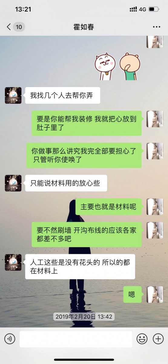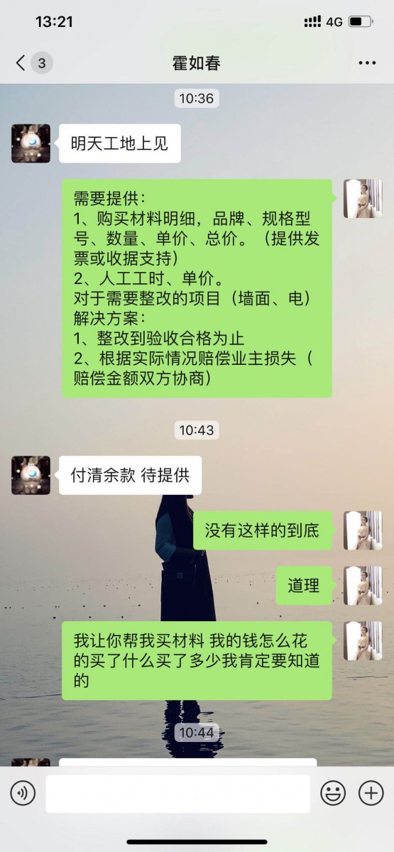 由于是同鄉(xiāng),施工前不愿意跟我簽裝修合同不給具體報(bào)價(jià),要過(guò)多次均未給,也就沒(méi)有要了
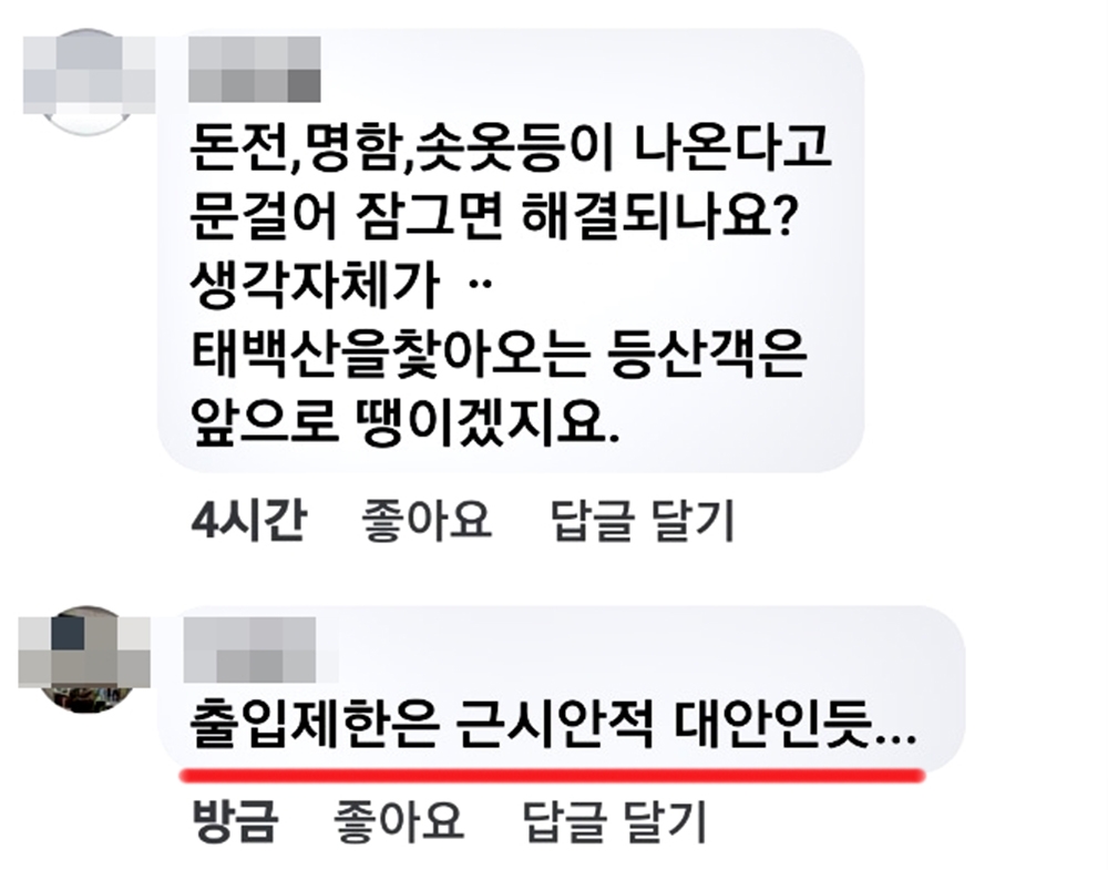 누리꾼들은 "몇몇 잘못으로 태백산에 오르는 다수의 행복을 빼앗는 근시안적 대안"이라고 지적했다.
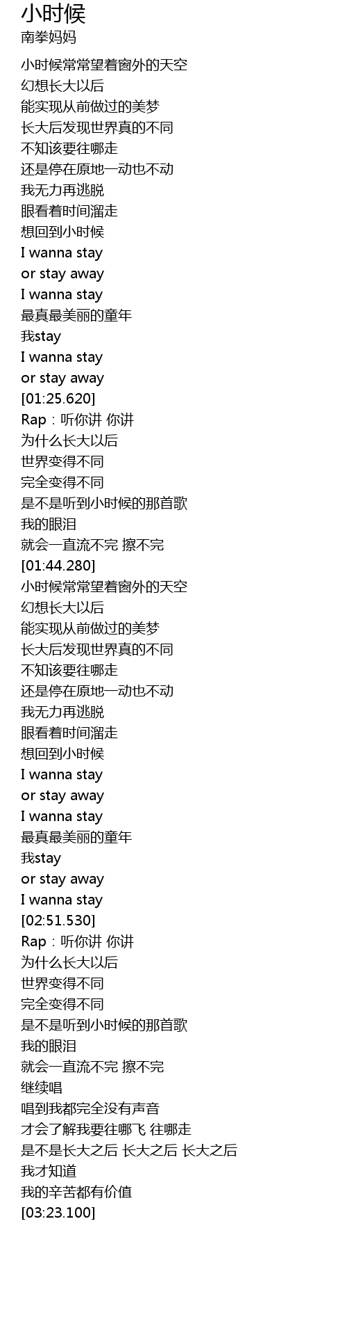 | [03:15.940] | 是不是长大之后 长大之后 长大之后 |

- - - - -

## What the task requires
The pictures in the listing above are to be dropped, and everything else reproduced exactly.

## Answer space
 由于是同鄉(xiāng),施工前不愿意跟我簽裝修合同不給具體報(bào)價(jià),要過(guò)多次均未給,也就沒(méi)有要了
 누리꾼들은 "몇몇 잘못으로 태백산에 오르는 다수의 행복을 빼앗는 근시안적 대안"이라고 지적했다.
 | [03:15.940] | 是不是长大之后 长大之后 长大之后 |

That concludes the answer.